A translation section that keeps the flow of the original article.

openaijamodel: gpt-5-mini-2025-08-07

ChatGPTを使ったデータ分析

ChatGPTを使ったデータ分析

公開日: 2026-04-10 提供: OpenAI Academy

ChatGPTは、最小限のセットアップで生データから有用なインサイトへ移す手助けができます。CSVやExcelファイルをアップロードしたり、表を貼り付けたり、(ワークスペースでサポートされている場合は)データソースに接続して、平易な言葉で質問を始められます。すべての問いに対して数式やピボット、ダッシュボードを作る代わりに、データの探索、表のクレンジング、簡単な可視化の生成、共有しやすい形式での主要な所見の抽出をすばやく行えます。
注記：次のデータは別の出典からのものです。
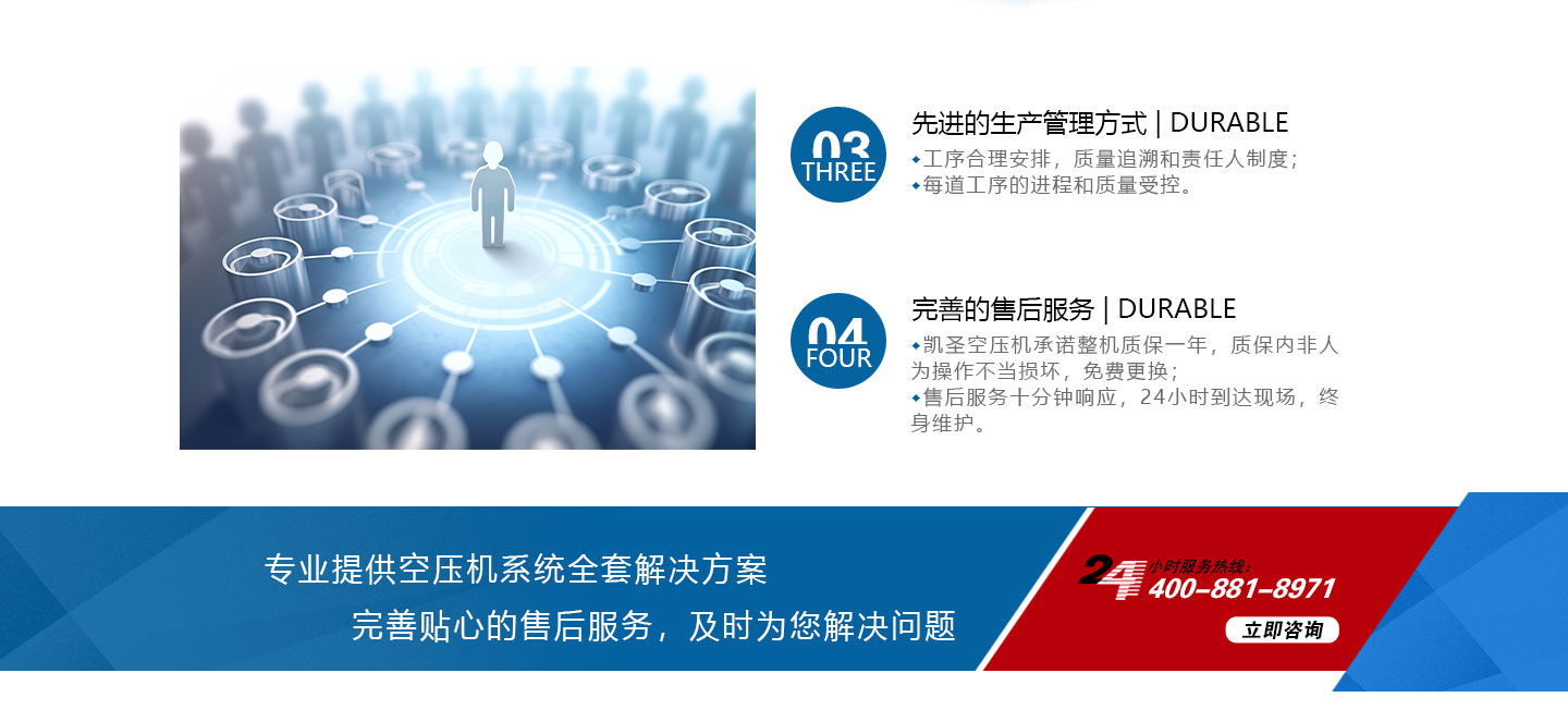 合肥凱圣節(jié)能科技有限公司是從事永磁變頻螺桿壓縮機系統(tǒng)的設(shè)計、制造、安裝、調(diào)試、維修與一體的公司。 在多年的螺桿空壓機研發(fā)與推廣歷程里,凱圣聚集和培養(yǎng)了大量壓縮機技術(shù)設(shè)計和管理人員,迅速發(fā)展成為集研究、生產(chǎn)、銷售、服務(wù)等環(huán)節(jié)為一體、嚴格按照標(biāo)準(zhǔn)執(zhí)行的企業(yè),公司成立開始,即以滿足客戶的實際需求為己任,大力開拓國內(nèi)外節(jié)能型空壓機市場,并始終保持創(chuàng)新精神,全力研發(fā)更為節(jié)能的螺桿式空壓機,努力站在空壓機節(jié)能領(lǐng)域的排頭位置。 應(yīng)用范圍:公司產(chǎn)品廣泛應(yīng)用于機械、輕工、紡織、食品、石油、化工、冶金、礦山、電力、城建、醫(yī)學(xué)研究和科研等各行業(yè)中,將為節(jié)約能源做出巨大貢獻。公司秉承“信譽至上,...

これは特にプロセスの初期段階で有用です — データの中身を把握している段階や、異常値を特定したり、どこを深掘りするか決めるときに役立ちます。また、発見をレビュー可能で実行につながるサマリーに翻訳する手助けにもなります。

使い始める方法

  • まず、支援したい意思決定を明確にします。シンプルなフレームとしては:
    • “I’m trying to decide ___, based on ___.”(何を基準に何を決めたいか)という形にすると、ChatGPTに「完了」の定義を伝え、分析を目的に沿って集中させられます。
  • データとともに重要なコンテキスト(定義、期間、主要列の意味)を必ず提供してください。
  • データ提供方法:
    • ファイルアップロード(CSV / Excel)
    • 接続済みアプリ経由(ワークスペースでサポートされている場合)
  • 回答だけでなく「アプローチ」を求めてください。例: 探索的データ分析(EDA)の要約と、検証すべき仮説を要求する、など。これにより結論へ飛びつくよりも構造化された信頼性の高い結果が得られます。
  • 可視化が必要なら明確に指定してください — 何をプロットするか、どう区切るか、軸ラベルや単位などの必須条件を含めます。
  • 再利用可能な出力を要求すると便利です(例: クリーンな最終テーブル、短いエグゼクティブサマリーなど)。

タスク例(コンテキストと期待される出力)

  • Shopifyストアのサンプルデータ(last 30 days)を使ってこのデータを分析し、主要な洞察を要約してください。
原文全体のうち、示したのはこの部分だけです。